Senator Jim DeMint knows when a brand's gone bad and what to do to fix it. The South Carolina Republican spent more than 25 years in advertising before going into politics, and his demeanor from the pin stripe suit to his salesman pitch delivered with a smile has a Mad Men quality to it, almost as if Don Draper had been thrown forward 50 years and his only client was the Tea Party movement.
The Grand Ole Party's brand has been failing for some time, DeMint says in an interview at the Capitol Hill Club an exclusive Washington institution for Republican members and Senators. "The angst was growing during the Clinton years, during the Bush years. And then the bailout was the wake up call," DeMint says. "The Tea Parties, they're just saying: 'Enough is enough.' The question is are Republicans going to open their arms and say, 'We're sorry we made a mistake, trust us again.' Or are they going to keep spit-balling them?"
For years, DeMint has been the Cassandra of the fiscal right, warning that his colleagues were ignoring their base on everything from No Child Left Behind and the Medicare Prescription Drug Program to the Bridge to Nowhere. Such gloom and doom not to mention to DeMint's amazing capacity to singlehandedly gum up the Senate when he objects to a spending bill would in years past have earned him the chairmanship of the Subcommittee for Underwater Basket Weaving.
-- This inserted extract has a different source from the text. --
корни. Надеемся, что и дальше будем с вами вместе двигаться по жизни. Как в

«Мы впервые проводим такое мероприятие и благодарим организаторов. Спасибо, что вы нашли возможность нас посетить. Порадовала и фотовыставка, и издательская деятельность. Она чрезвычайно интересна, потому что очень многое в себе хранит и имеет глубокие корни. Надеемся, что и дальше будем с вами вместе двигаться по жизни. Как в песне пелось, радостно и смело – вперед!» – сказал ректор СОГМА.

But this cycle, Jim DeMint is a prophet. "I think for most Republicans in the Senate the Tea Party is viewed as a threat; to me it's the cavalry I've been waiting for," DeMint says with a laugh.
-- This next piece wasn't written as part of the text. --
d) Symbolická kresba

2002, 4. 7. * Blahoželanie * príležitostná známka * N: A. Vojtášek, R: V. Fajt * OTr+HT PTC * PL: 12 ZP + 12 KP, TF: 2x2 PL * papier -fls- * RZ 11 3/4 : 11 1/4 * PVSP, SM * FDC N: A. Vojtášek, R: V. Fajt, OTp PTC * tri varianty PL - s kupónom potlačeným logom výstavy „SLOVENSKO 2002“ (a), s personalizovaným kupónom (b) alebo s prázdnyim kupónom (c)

And so, with his army at his back an army that has given him more than $1 million to recruit potential lieutenants DeMint set off to remake the Republican Party's brand. He had his political action committee rate all of his colleagues on their ideological purity; only one person scored 100, DeMint. His first target was one of the lowest scorers, Pennsylvania Senator Arlen Specter. Disgusted with Specter's betrayal on the stimulus bill and weary of fighting the ardent appropriator's earmarks, DeMint endorsed Specter's primary opponent, former Pennsylvania Rep. Pat Toomey. Five days later Specter left the Republican party, a victory in DeMint's book.
Next DeMint bucked the party establishment, which had lined up behind Florida Governor Charlie Crist to fill retiring Senator Mel Martinez's seat. DeMint endorsed little-known Marco Rubio, a former Florida Speaker of the House, and helped him raise more than $300,000. "Jim DeMint believed in me when the only people who believed in me lived in my house," Rubio told the annual Conservative Political Action Conference to a standing ovation and shouts of "DeMint for President!" Crist last month left the Republican Party to run as an Independent after polls showed Rubio beating him by more than 20 points in the GOP primary.
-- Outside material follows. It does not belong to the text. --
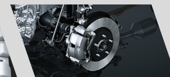
Sistema de freio a disco nas quatro rodas com ABS 6 , EBD 7 e BAS 8

Since then, DeMint has endorsed what he calls "rock-solid Republicans" in Senate GOP primaries in California, Texas, Colorado, Indiana, Kentucky and Utah. None are the candidates his party leaders would prefer. "When the grassroots gravitate towards a candidate and that candidate is not supported by the leadership here, I do everything I can to get those candidates a voice and a platform so at least Republicans know that they have an alternative," DeMint says. Sometimes his efforts are successful, as with Rand Paul, who on Tuesday beat Senate Minority Leader Mitch McConnell's protégé, Kentucky Secretary of State Trey Grayson, to become the Republican nominee for the Senate in the Bluegrass State. Other times, he's not: his pick for the open Indiana Senate seat, Marlin Stutzman, lost to former Senator Dan Coats even after DeMint raised $200,000 for him.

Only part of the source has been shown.